Solved – What does the PCA().transform() method do

pcascikit learnself-study

I've been taught to think of the PCA as change of basis technique with a cleverly chosen basis. Let's say my initial data is a $m\times n$ matrix $X$ where $m$ is a number of features and $n$ is a number of measurements. I've computed covariance matrix $S$ and got eigenbasis $m\times m$ matrix $P$ (eigenvectors of $S$) which represents my new set of coordinates. I now want to transform my data to this new coordinates by $Y=PX$. Alternatively, I use sklearn.decomposition.PCA class to perform the same procedure, but the transformed data differs from what I get manually.

import numpy as np
import pandas as pd
from sklearn.decomposition import PCA

# generate some random data
m = 10
n = 100
X = np.random.randn(m, n)
X = X - X.mean(axis=1).reshape((m, 1))
S = X @ X.T / (n-1)

# manual computation
P = np.linalg.eig(S)[1] # transformation matrix P
Y = P @ X # transformed data

# using sklearn
pca = PCA()
pca.fit(X.T)
Y_sklearn = pca.transform(X.T).T

The output for the first vector in $Y$, Y[:, 0], is

array([-0.09133876, -1.53859883,  0.86409512, -2.52404208,  0.05910835,
        0.83063718,  0.52757518,  0.7412817 , -0.42611878, -0.71241571])

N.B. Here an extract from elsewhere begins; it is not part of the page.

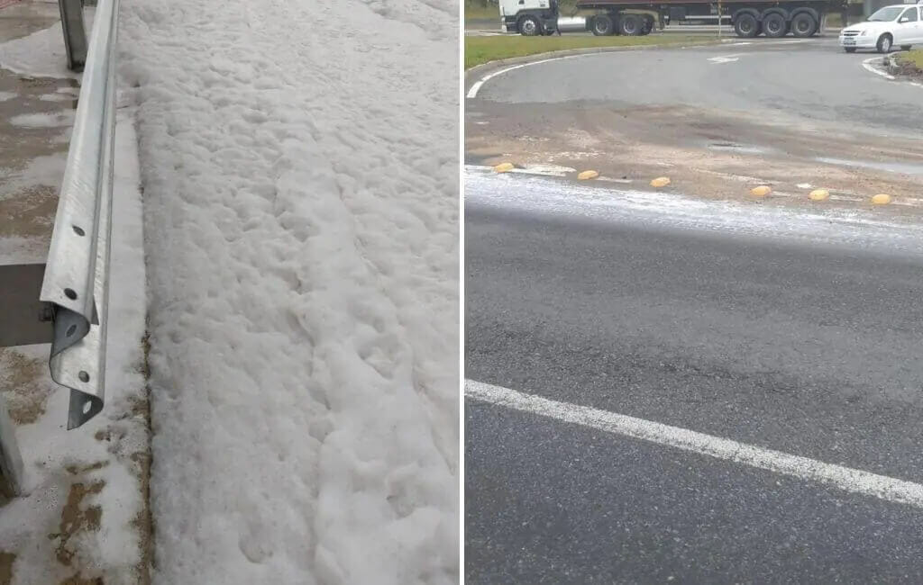 Com a chuva que caiu no mesmo dia, houve a reação do produto e a formação da camada branca pela rodovia.

while for Y_sklearn[:, 0] is

array([ 1.44259169,  1.05948004,  0.87768441,  0.60333571, -1.560406  ,
        0.11799914, -1.91440021, -0.96841104,  0.41010045, -0.38189462])

I am probably making a mistake at some point, but can't find where exactly. Thanks in advance.

Best Answer

Your P matrix contains the eigenvectors as columns, so you need to reconstruct with P.T @ X in order to project your data (i.e. dot product). Now, they'll be more similar; but still not the same because np.linalg.eig doesn't return eigenvalues sorted. You can achieve the same ordering as follows:

   E = np.linalg.eig(S)
   P = E[1][:,np.argsort(-E[0])]

Finally, since eigenvectors can be $v$ or $-v$ you'll have some sign differences between your projections. But, they'll be quite similar.